Try it: Output the exact lines that start at the one containing "U.S. Air Force" and continue to the last line of the entries below; do not output pictures.
[Start of section]
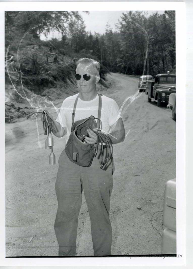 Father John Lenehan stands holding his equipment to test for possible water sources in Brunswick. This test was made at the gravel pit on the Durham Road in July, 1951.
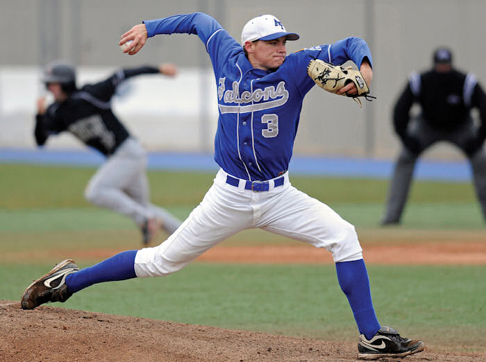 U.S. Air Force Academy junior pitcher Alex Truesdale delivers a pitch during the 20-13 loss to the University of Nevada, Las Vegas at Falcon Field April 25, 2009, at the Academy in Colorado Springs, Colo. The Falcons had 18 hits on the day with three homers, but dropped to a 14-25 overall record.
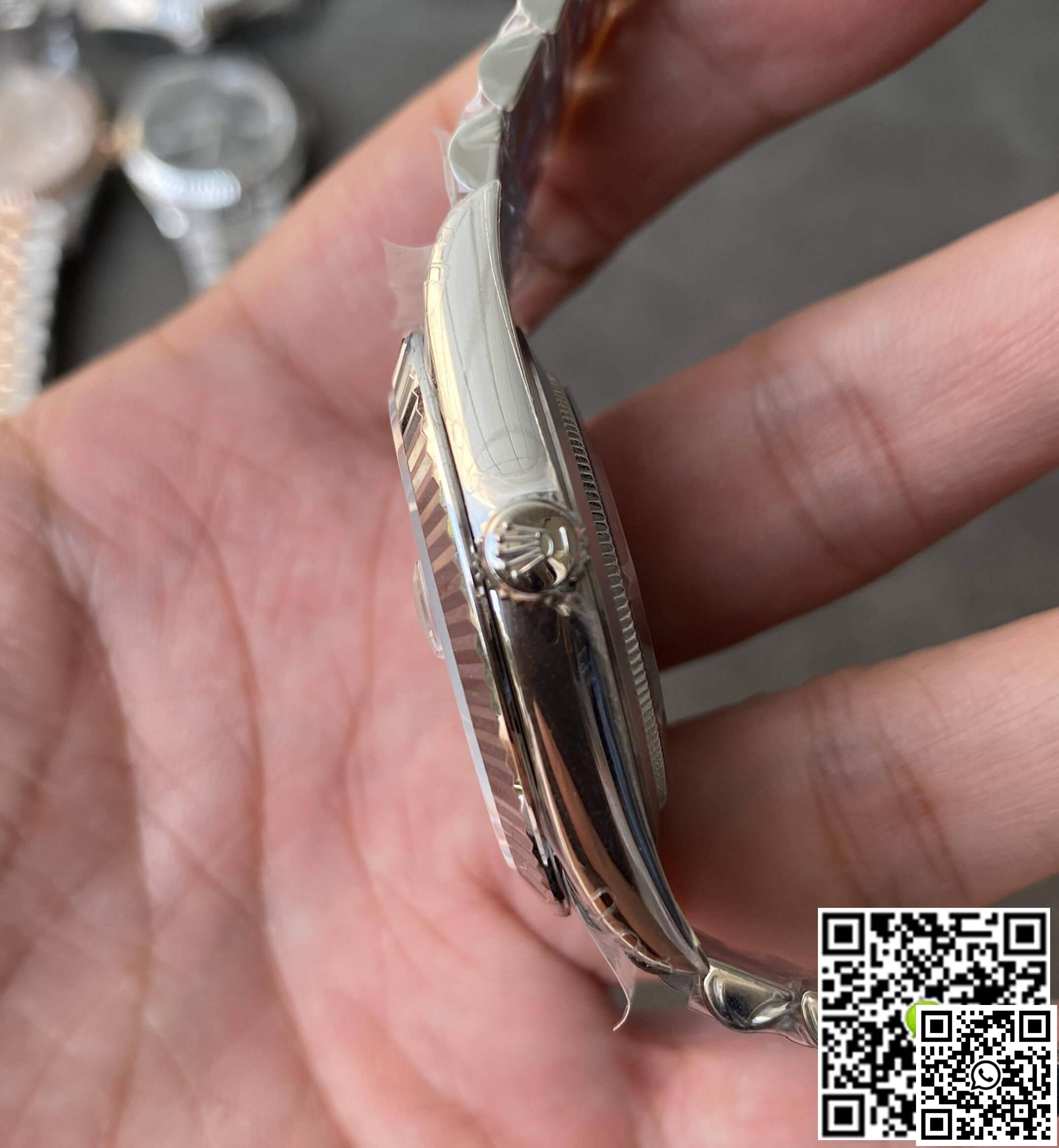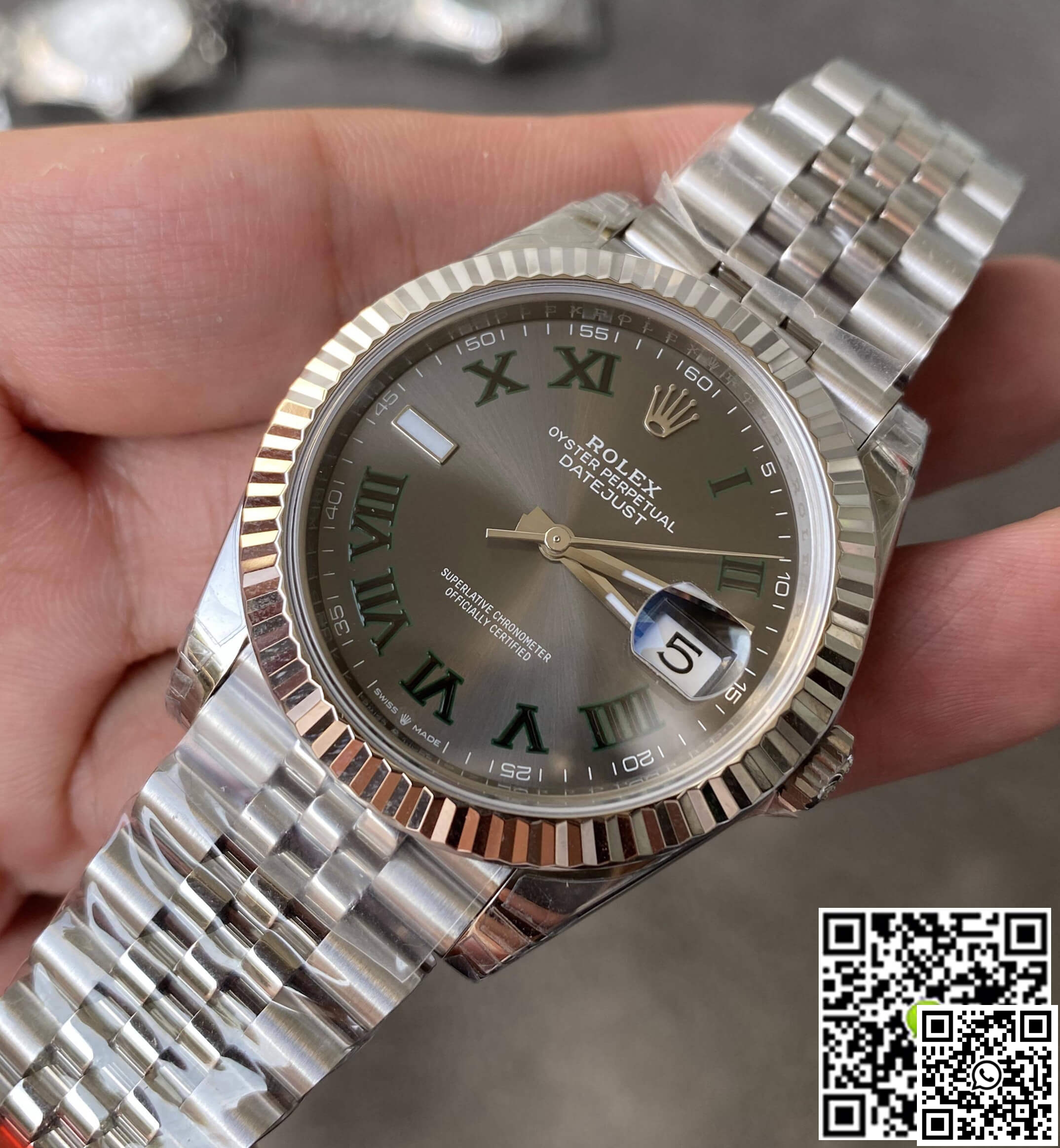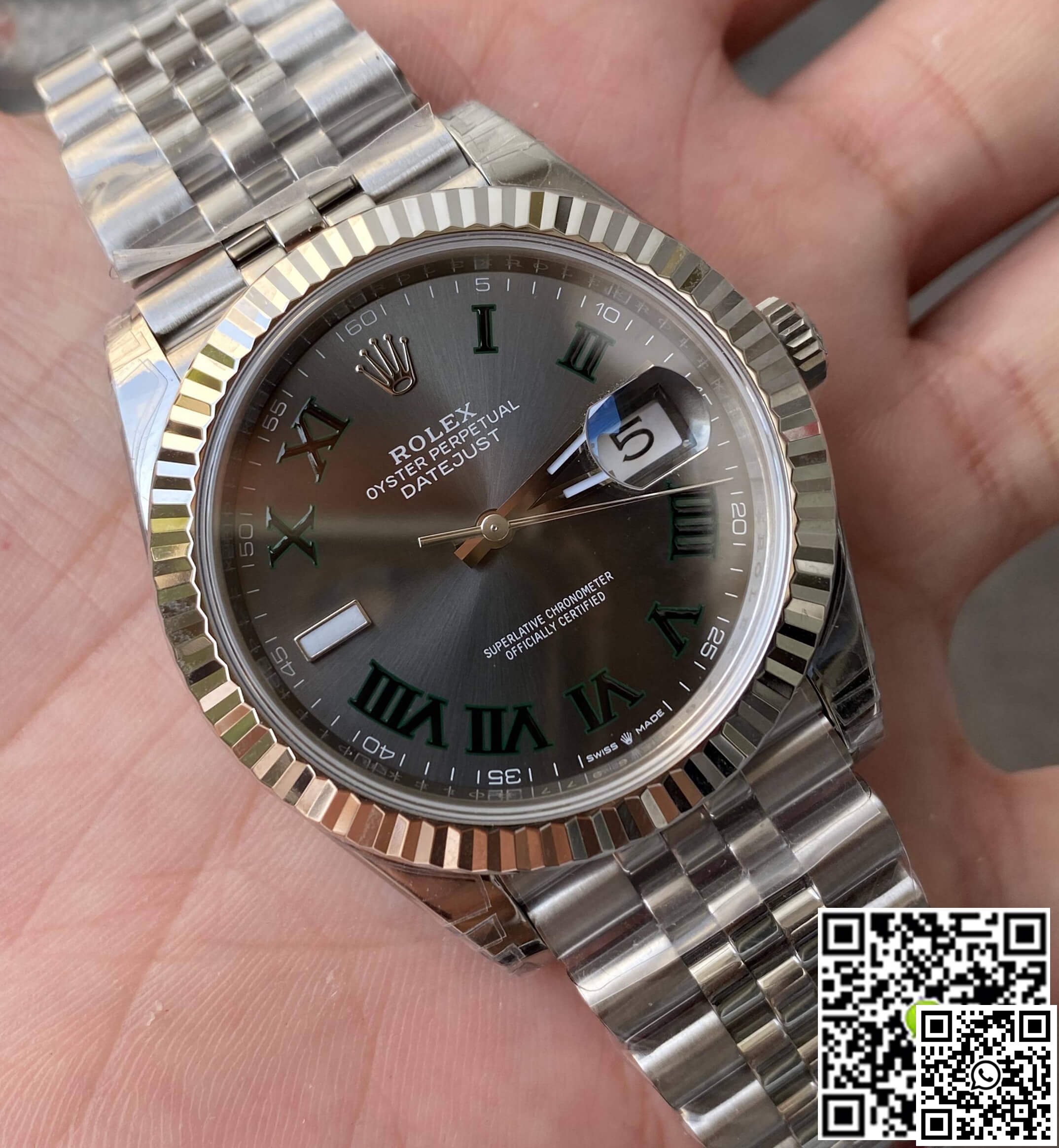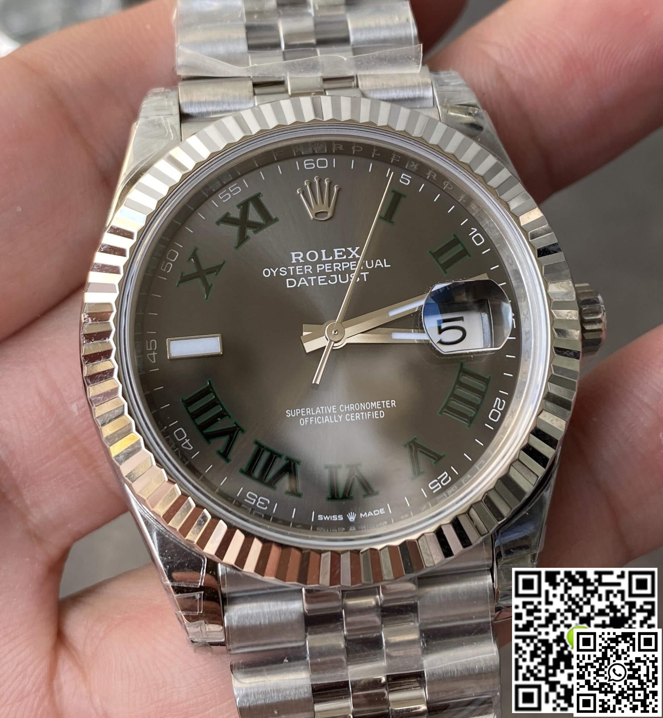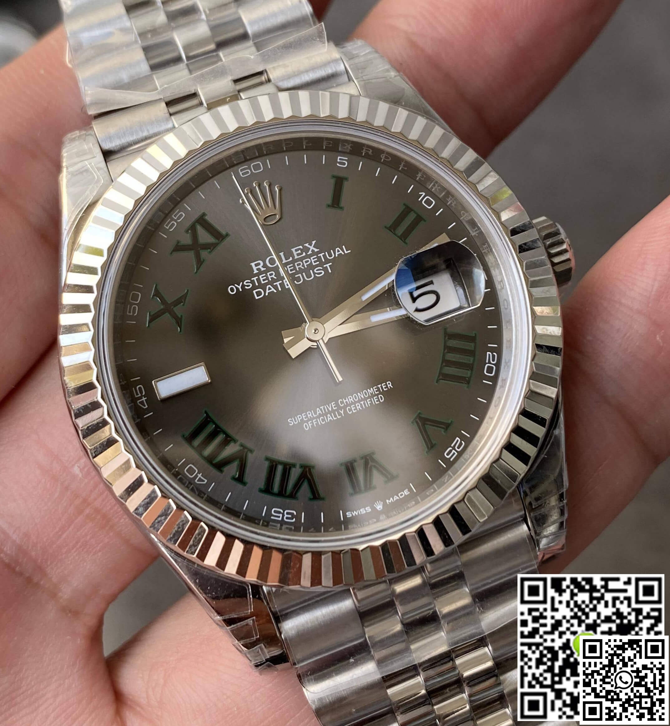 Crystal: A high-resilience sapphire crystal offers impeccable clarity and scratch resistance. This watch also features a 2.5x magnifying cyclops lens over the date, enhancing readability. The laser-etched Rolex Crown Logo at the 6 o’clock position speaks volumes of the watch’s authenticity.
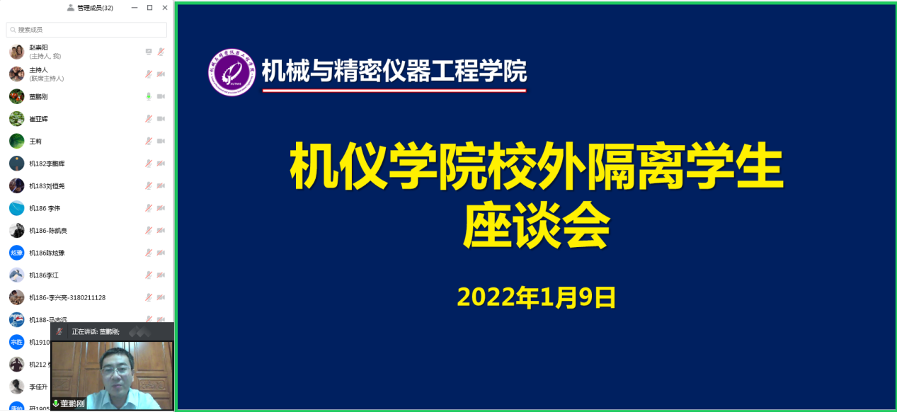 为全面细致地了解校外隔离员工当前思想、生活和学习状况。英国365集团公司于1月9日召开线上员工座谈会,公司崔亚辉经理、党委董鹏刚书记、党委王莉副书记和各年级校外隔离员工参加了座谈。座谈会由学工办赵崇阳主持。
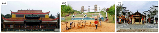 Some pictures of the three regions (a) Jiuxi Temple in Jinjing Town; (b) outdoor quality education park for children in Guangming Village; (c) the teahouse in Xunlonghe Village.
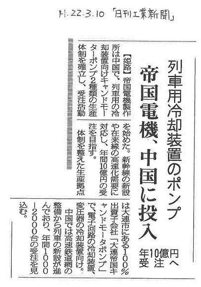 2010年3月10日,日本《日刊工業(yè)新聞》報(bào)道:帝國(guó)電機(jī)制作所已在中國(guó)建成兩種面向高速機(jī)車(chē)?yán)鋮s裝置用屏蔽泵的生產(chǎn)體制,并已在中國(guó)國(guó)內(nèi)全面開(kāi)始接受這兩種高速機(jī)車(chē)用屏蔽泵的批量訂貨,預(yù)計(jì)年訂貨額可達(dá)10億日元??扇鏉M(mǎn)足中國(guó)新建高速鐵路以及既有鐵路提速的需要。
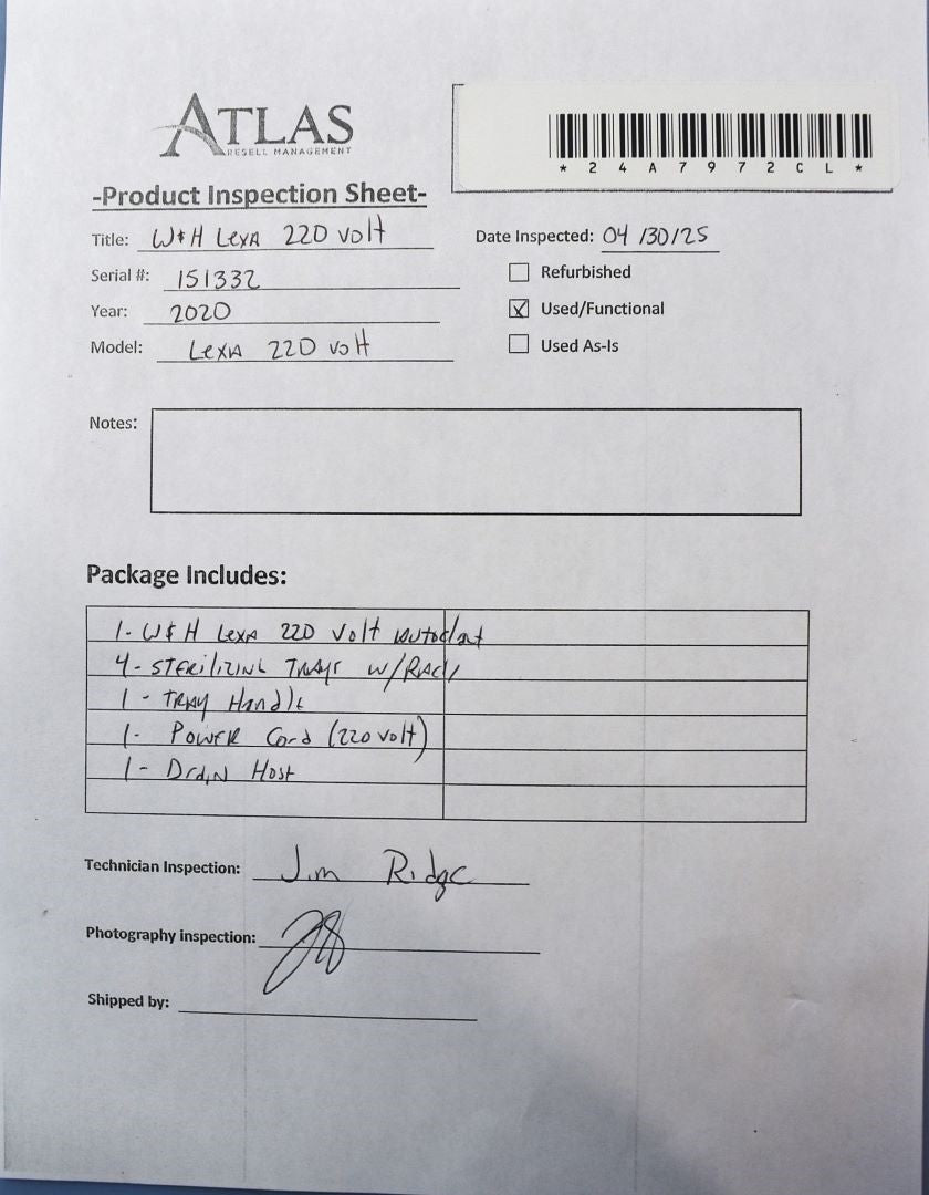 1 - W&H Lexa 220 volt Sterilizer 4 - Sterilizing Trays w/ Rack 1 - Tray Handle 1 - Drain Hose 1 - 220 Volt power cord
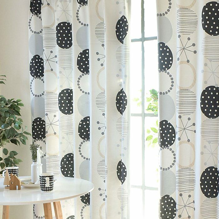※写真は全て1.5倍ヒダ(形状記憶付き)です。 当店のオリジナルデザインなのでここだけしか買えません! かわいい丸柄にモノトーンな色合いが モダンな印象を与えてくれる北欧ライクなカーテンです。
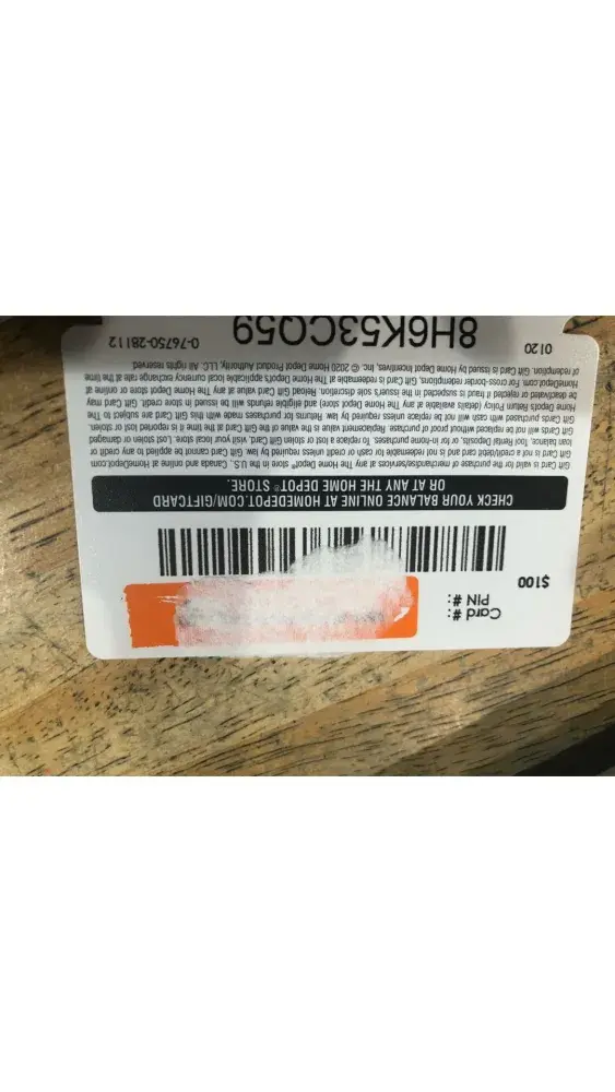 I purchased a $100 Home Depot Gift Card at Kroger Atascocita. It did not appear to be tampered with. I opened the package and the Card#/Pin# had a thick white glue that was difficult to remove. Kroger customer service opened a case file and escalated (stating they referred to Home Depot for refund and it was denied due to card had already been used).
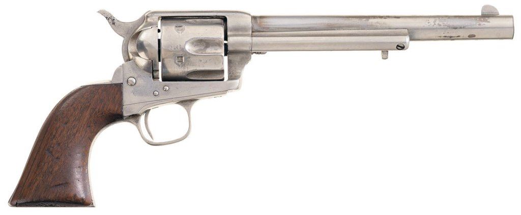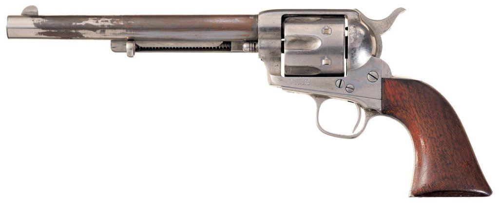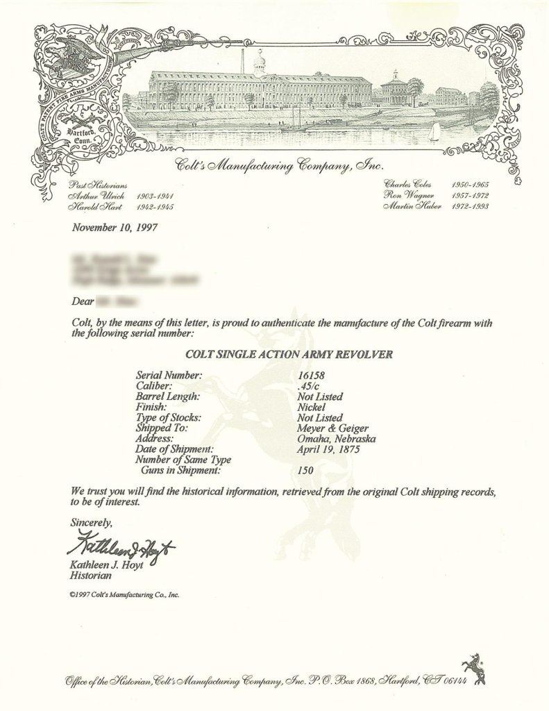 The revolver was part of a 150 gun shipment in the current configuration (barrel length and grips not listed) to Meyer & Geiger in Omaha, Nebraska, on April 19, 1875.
[End of section]
Reply:
 U.S. Air Force Academy junior pitcher Alex Truesdale delivers a pitch during the 20-13 loss to the University of Nevada, Las Vegas at Falcon Field April 25, 2009, at the Academy in Colorado Springs, Colo. The Falcons had 18 hits on the day with three homers, but dropped to a 14-25 overall record.
 Crystal: A high-resilience sapphire crystal offers impeccable clarity and scratch resistance. This watch also features a 2.5x magnifying cyclops lens over the date, enhancing readability. The laser-etched Rolex Crown Logo at the 6 o’clock position speaks volumes of the watch’s authenticity.
 为全面细致地了解校外隔离员工当前思想、生活和学习状况。英国365集团公司于1月9日召开线上员工座谈会,公司崔亚辉经理、党委董鹏刚书记、党委王莉副书记和各年级校外隔离员工参加了座谈。座谈会由学工办赵崇阳主持。
 Some pictures of the three regions (a) Jiuxi Temple in Jinjing Town; (b) outdoor quality education park for children in Guangming Village; (c) the teahouse in Xunlonghe Village.
 2010年3月10日,日本《日刊工業(yè)新聞》報(bào)道:帝國(guó)電機(jī)制作所已在中國(guó)建成兩種面向高速機(jī)車(chē)?yán)鋮s裝置用屏蔽泵的生產(chǎn)體制,并已在中國(guó)國(guó)內(nèi)全面開(kāi)始接受這兩種高速機(jī)車(chē)用屏蔽泵的批量訂貨,預(yù)計(jì)年訂貨額可達(dá)10億日元??扇鏉M(mǎn)足中國(guó)新建高速鐵路以及既有鐵路提速的需要。
 1 - W&H Lexa 220 volt Sterilizer 4 - Sterilizing Trays w/ Rack 1 - Tray Handle 1 - Drain Hose 1 - 220 Volt power cord
※写真は全て1.5倍ヒダ(形状記憶付き)です。 当店のオリジナルデザインなのでここだけしか買えません! かわいい丸柄にモノトーンな色合いが モダンな印象を与えてくれる北欧ライクなカーテンです。
 I purchased a $100 Home Depot Gift Card at Kroger Atascocita. It did not appear to be tampered with. I opened the package and the Card#/Pin# had a thick white glue that was difficult to remove. Kroger customer service opened a case file and escalated (stating they referred to Home Depot for refund and it was denied due to card had already been used).
 The revolver was part of a 150 gun shipment in the current configuration (barrel length and grips not listed) to Meyer & Geiger in Omaha, Nebraska, on April 19, 1875.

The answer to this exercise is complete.